I would like to do research in medical school and include research in my career, though not MD-PhD and likely not a PI running a lab. Teaching and mentorship are also big parts of my application, though that might be another discussion (academic medicine??). I plan to discuss my desire to continue research in secondaries/interviews, especially to answer questions like "Where do you see yourself after medical education/in 10 years?" or "Why our school?"

My perceived problems:

1.) I don't know what field I want to dedicate my time to. I'm afraid mentioning such grand plans to do research will seem very short-sighted without knowing which field I intend to commit to.

2.) I feel like I am still in an "exploring" phase, meanwhile these questions give me the impression that I am supposed to be long past that phase. Although I don't have a chosen field, I have a few areas of interest that seem far apart:

I am interested in basic science or translational research regarding some conditions I currently have in mind, but likely not the work in my current lab. I might also be interested in clinical research, but topics to be discovered. Finally, I am very interested doing research studying the patient population of my own ethnic group. I grew up in an immigrant household and this is a huge part of my identity. I also volunteered another 2.5 years at a clinic working with under-served individuals from this group, which involved extensive patient contact along with some advocacy work. I am pretty inspired to do some work with this population, even if not research.

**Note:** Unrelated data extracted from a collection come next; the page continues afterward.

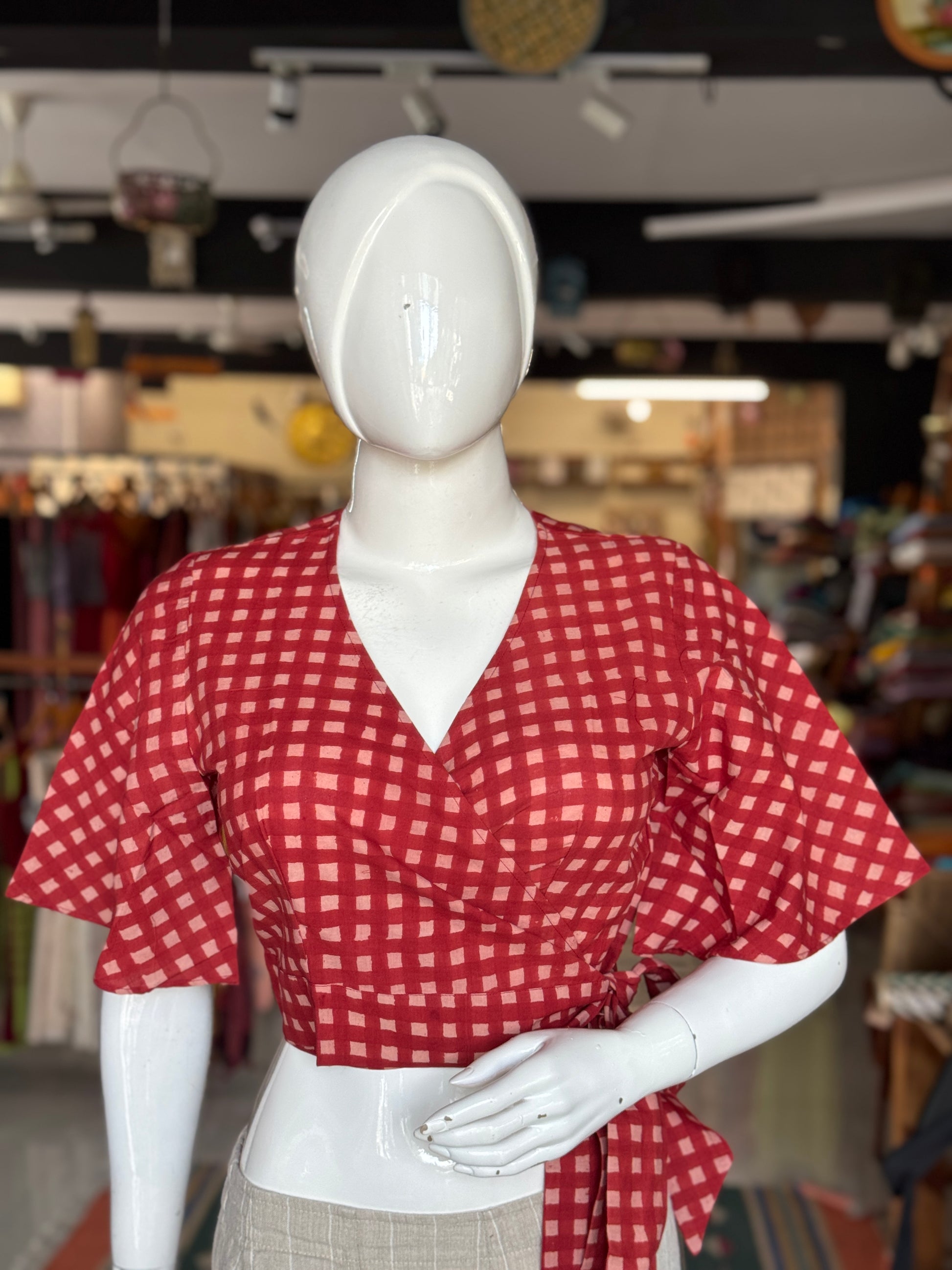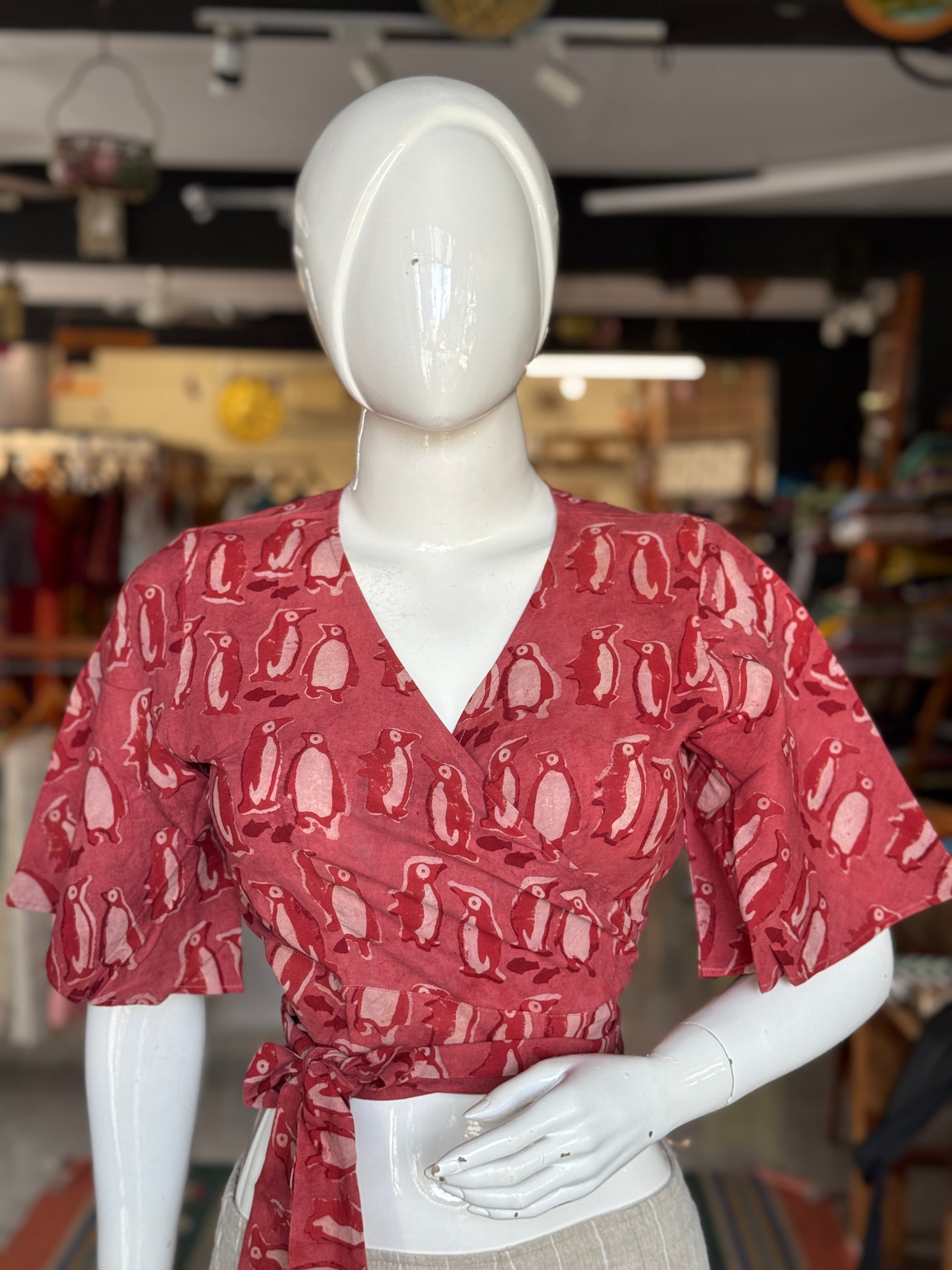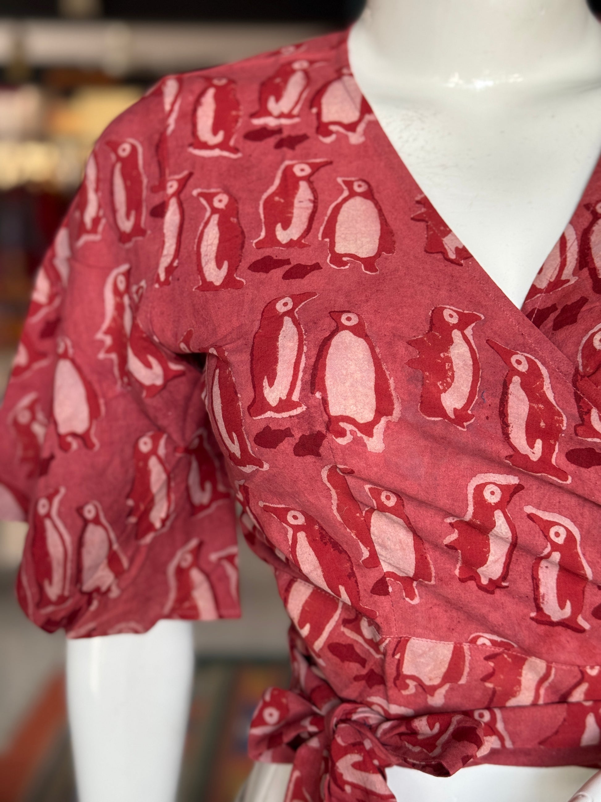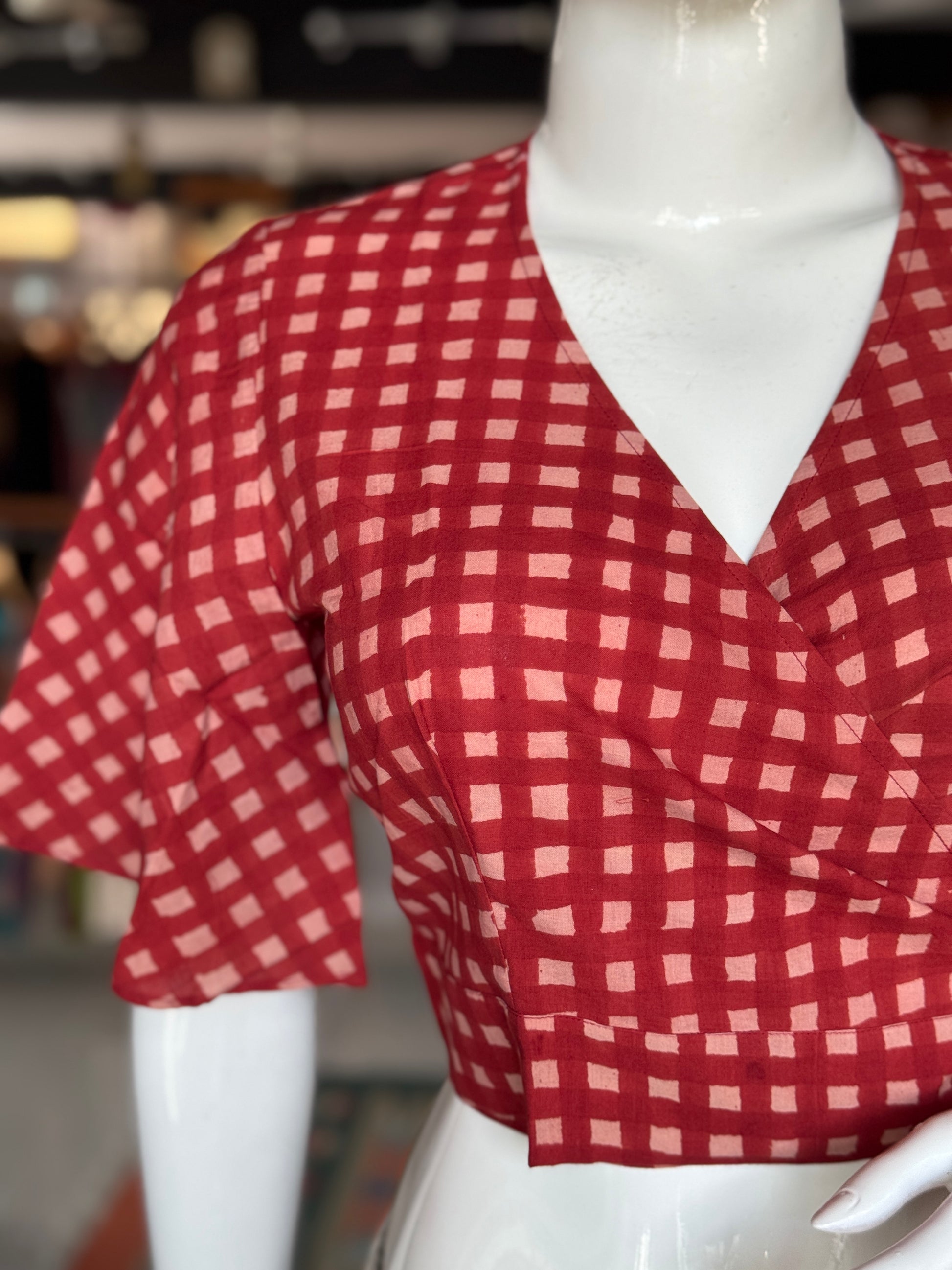Wrap style free size cotton crop top blouse in natural dyed, hand block printed cotton
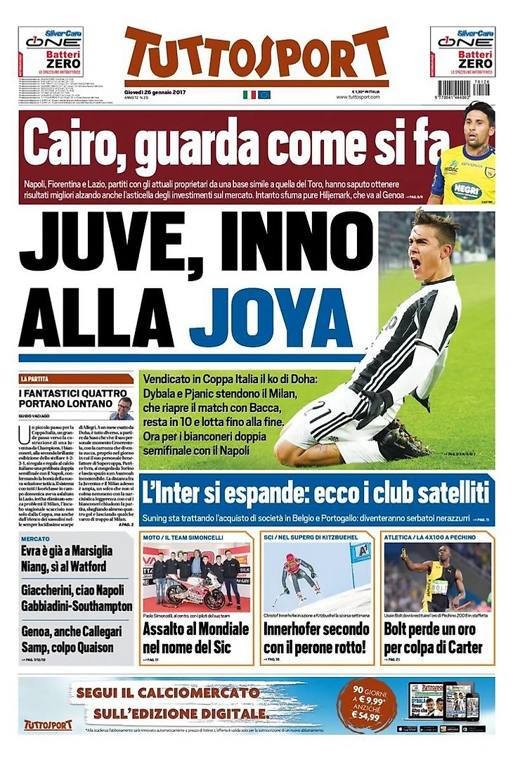 Месть в Кубке Италии за поражение в Дохе: Дибала и Пьянич остановили «Милан», который вновь открыл матч благодаря Бакке, остался в 10-ом и боролся вплоть до самого конца. Теперь для Бьянконери предстоит двойной полуфинал с «Наполи».
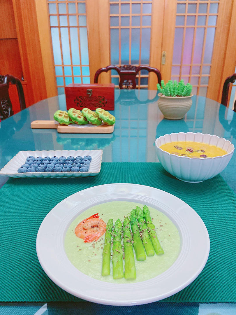 早餐分享;低卡减脂芦笋浓汤🍤🍵+红枣板栗南瓜小米粥🌰🎃+菠菜汁华夫饼🥬🧇+蓝莓🫐;早安友们,早餐愉快😘🍒🍒
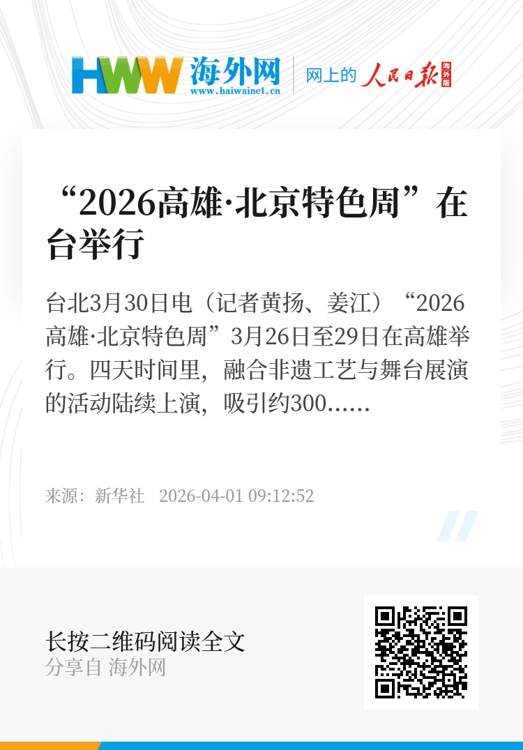 新华社台北3月30日电(记者黄扬、姜江)“2026高雄·北京特色周”3月26日至29日在高雄举行。四天时间里,融合非遗工艺与舞台展演的活动陆续上演,吸引约3000名台湾民众参与。
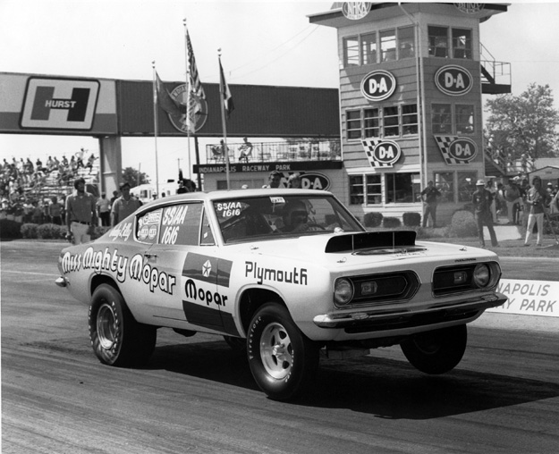 Lilly’s racing career began in 1961, when she started driving an independently campaigned D/Sports ’61 Corvette entry while living in Littleton, Colo. After winning class honors at the 1965 Winternationals, she began to attract the attention of Chrysler factory racing officials and soon became a member of the Mopar factory team, driving a ’67 Plymouth SS/B entry (pictured) in 1967.
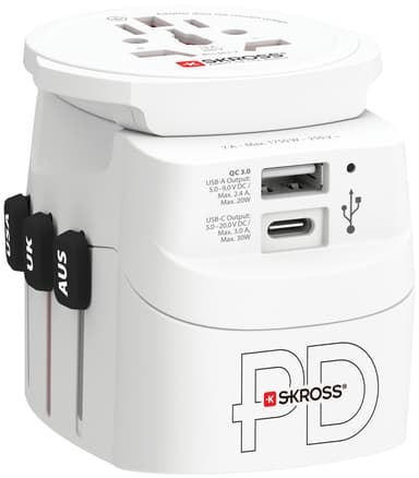 Var du än är i världen kan du med denna 3-poliga SKross Pro Light USB-A/USB-C 30PD reseadapter 3310225 ansluta och ladda dina enheter oavsett om de har en elkontakt eller en USB-C- eller USB-A-port.Läs mer om produkten
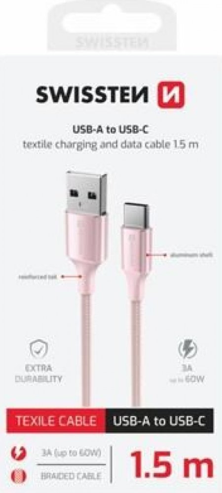 Swissten 71521311 USB / USB-C, 1,5m, růžový
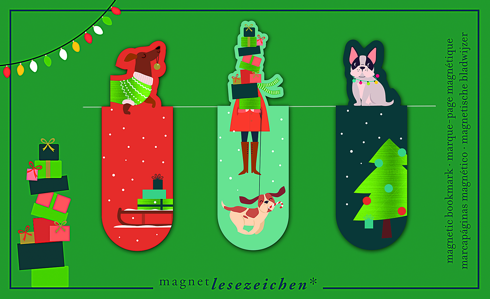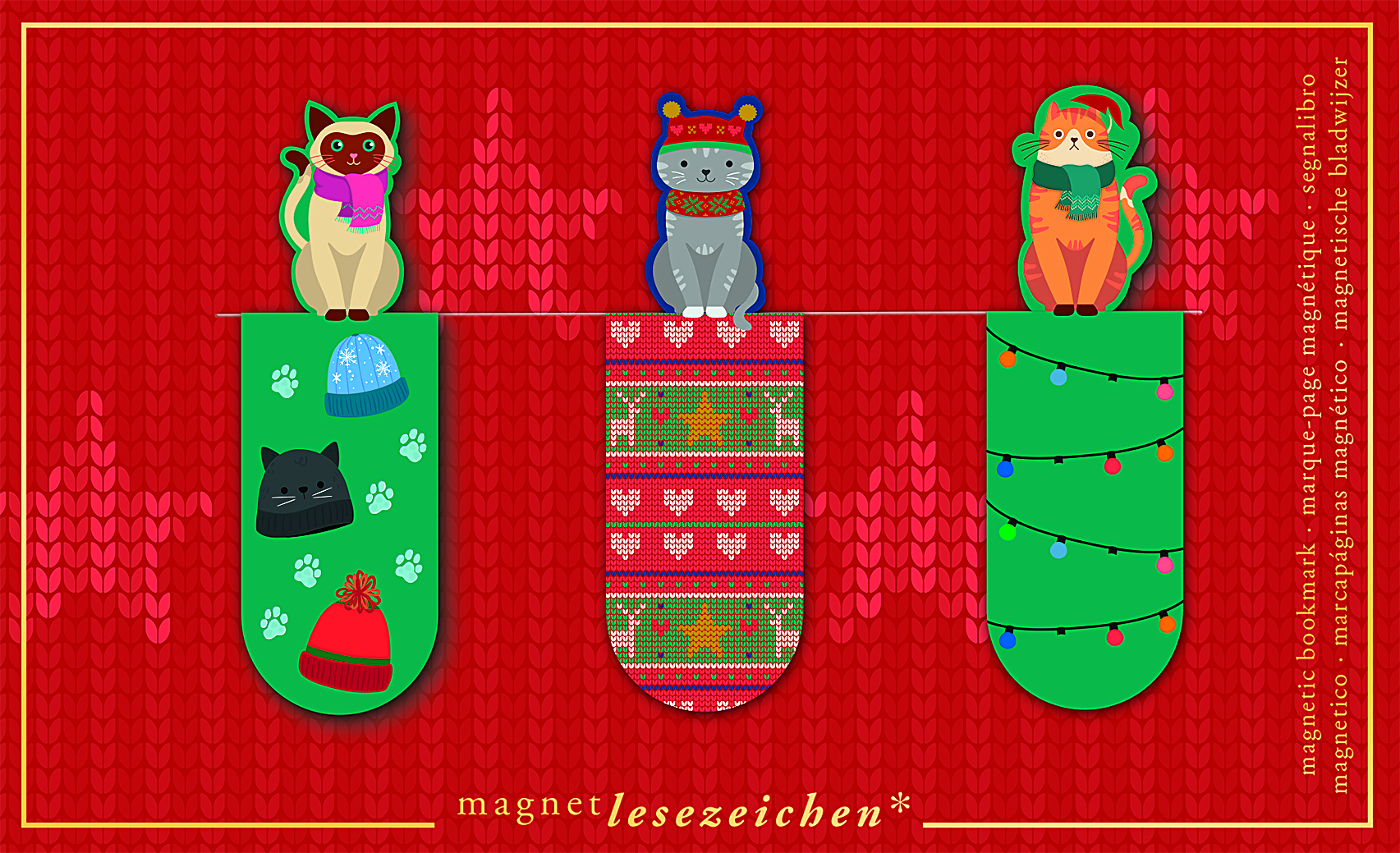 Mit den Magnetlesezeichen „Winterhunde“ und „Winterkatzen“ wird jede Seite zum kleinen Wintermärchen. Jedes Set enthält drei liebevoll gestaltete Designs.

3.) If I do talk about my preliminary interests in those areas of research, I am concerned that it will again seem short-sighted if I have no research experiences in those research types or specific topic. Most of my research experience is in basic sciences, I have limited clinical research experience, and I have not worked with my own ethnic group in a research capacity, only in a clinical setting.

Given those thoughts, does anyone have advice for me on how to go about discussing research on my secondaries/interviews?

Future plans on a med school application are given no weight, so why waste characters on them, especially if you can't back up your plan with some concrete experiences? You're a premed. You're not expected to have a life plan yet. Adcomms know, based on research studies, that 80% of med students do not enter the field on which they planned.

An exception to my "don't-waste-space-on-future-plans" suggestion might be those Secondary prompts that ask you what you see yourself doing in ten years, in which case a variation on the paragraph I bolded above might do.